** Opening MATERIAL SUPPLIED block **
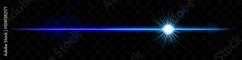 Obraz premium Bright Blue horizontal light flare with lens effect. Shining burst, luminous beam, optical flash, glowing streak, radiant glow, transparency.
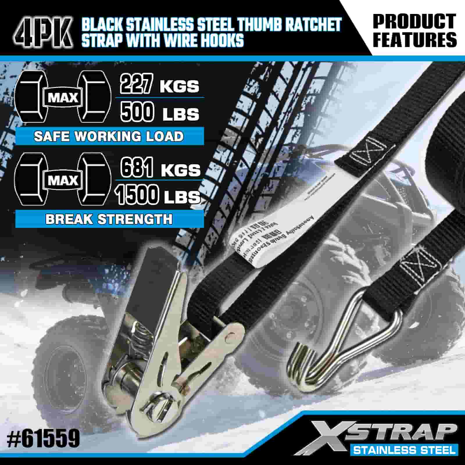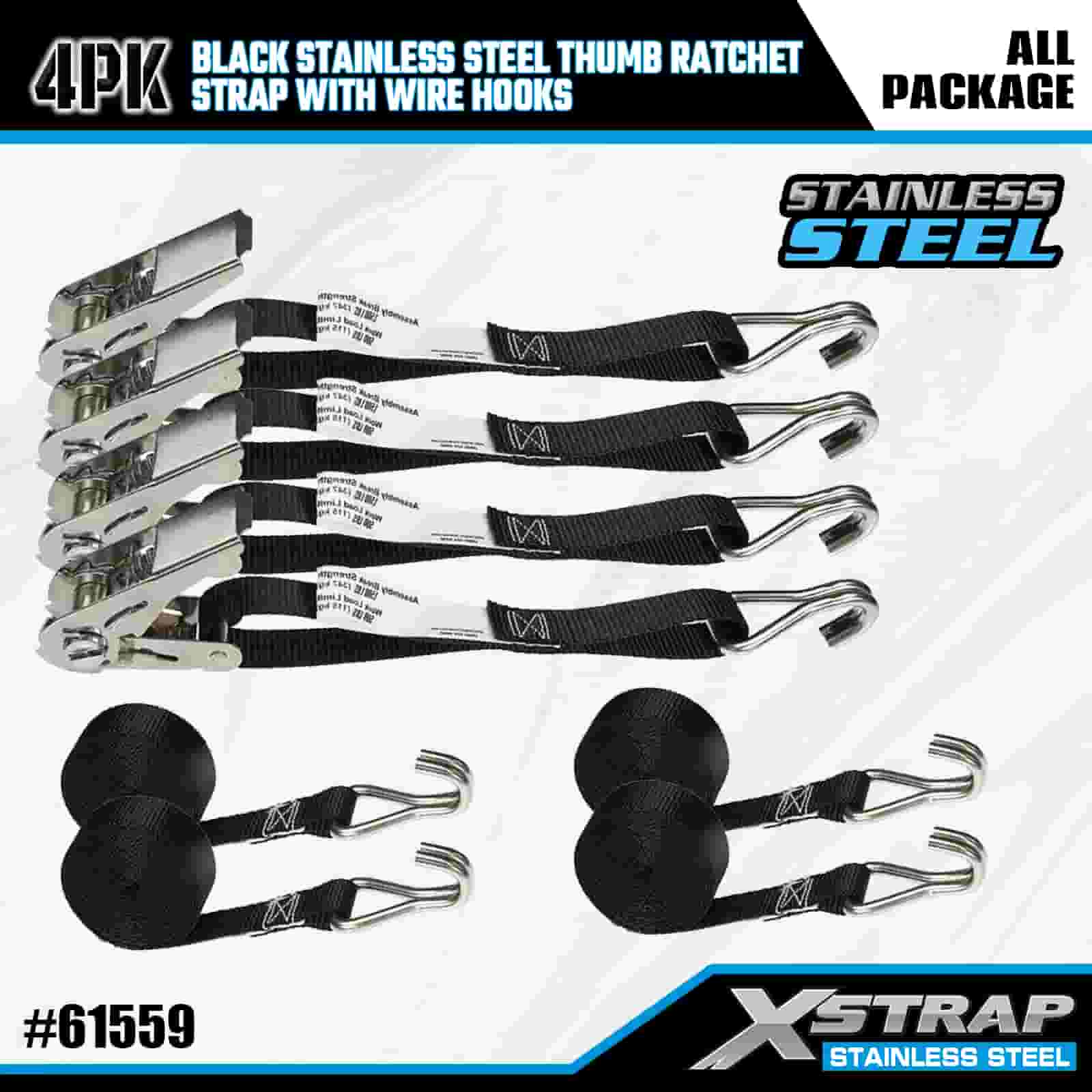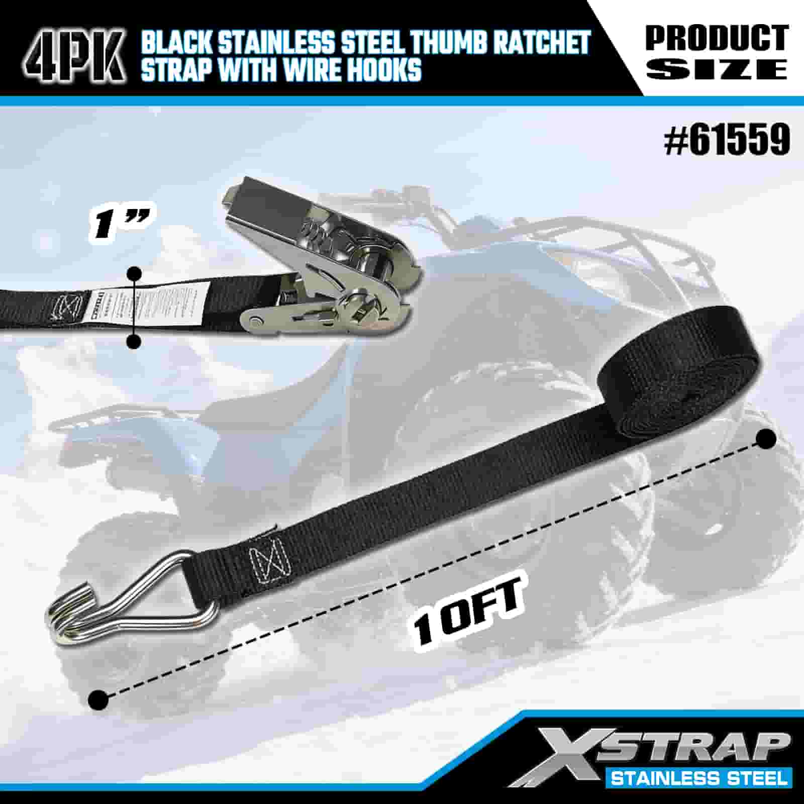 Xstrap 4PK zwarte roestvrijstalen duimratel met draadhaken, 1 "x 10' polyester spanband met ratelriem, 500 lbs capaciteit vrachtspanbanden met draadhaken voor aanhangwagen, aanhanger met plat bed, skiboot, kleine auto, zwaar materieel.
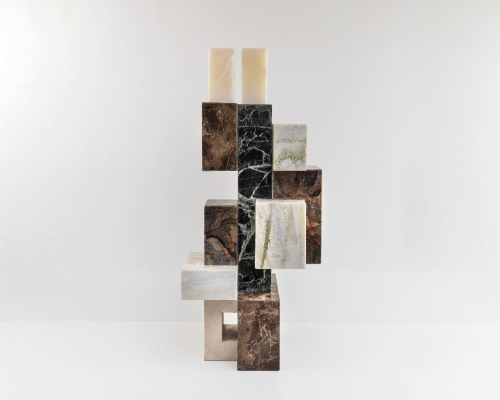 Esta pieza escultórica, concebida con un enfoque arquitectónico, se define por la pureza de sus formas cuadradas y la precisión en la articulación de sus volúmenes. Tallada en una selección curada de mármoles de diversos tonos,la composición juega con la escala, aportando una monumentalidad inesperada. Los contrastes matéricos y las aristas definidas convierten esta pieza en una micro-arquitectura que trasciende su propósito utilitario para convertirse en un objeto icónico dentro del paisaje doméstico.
** Closing MATERIAL SUPPLIED block **
** Opening MATERIAL SUPPLIED block **
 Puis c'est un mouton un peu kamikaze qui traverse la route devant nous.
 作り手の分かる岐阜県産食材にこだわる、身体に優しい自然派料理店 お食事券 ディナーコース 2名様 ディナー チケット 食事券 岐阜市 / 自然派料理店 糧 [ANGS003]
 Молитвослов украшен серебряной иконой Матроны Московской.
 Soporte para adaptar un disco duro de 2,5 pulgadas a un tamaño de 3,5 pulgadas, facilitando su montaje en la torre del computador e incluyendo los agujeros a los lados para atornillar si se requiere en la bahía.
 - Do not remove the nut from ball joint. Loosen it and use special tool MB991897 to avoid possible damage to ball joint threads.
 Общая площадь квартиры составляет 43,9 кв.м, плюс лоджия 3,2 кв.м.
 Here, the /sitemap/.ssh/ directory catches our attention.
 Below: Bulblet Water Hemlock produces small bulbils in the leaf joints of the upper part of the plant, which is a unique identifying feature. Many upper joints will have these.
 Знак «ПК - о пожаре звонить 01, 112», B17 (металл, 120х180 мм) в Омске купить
** Closing MATERIAL SUPPLIED block **
WHAT YOU NEED TO DO =>
Output exactly the lines of the material above from the one containing "Общая площадь квартиры" up to and including the one containing "в Омске купить".

SOLVED EXERCISE =>
 Общая площадь квартиры составляет 43,9 кв.м, плюс лоджия 3,2 кв.м.
 Here, the /sitemap/.ssh/ directory catches our attention.
 Below: Bulblet Water Hemlock produces small bulbils in the leaf joints of the upper part of the plant, which is a unique identifying feature. Many upper joints will have these.
 Знак «ПК - о пожаре звонить 01, 112», B17 (металл, 120х180 мм) в Омске купить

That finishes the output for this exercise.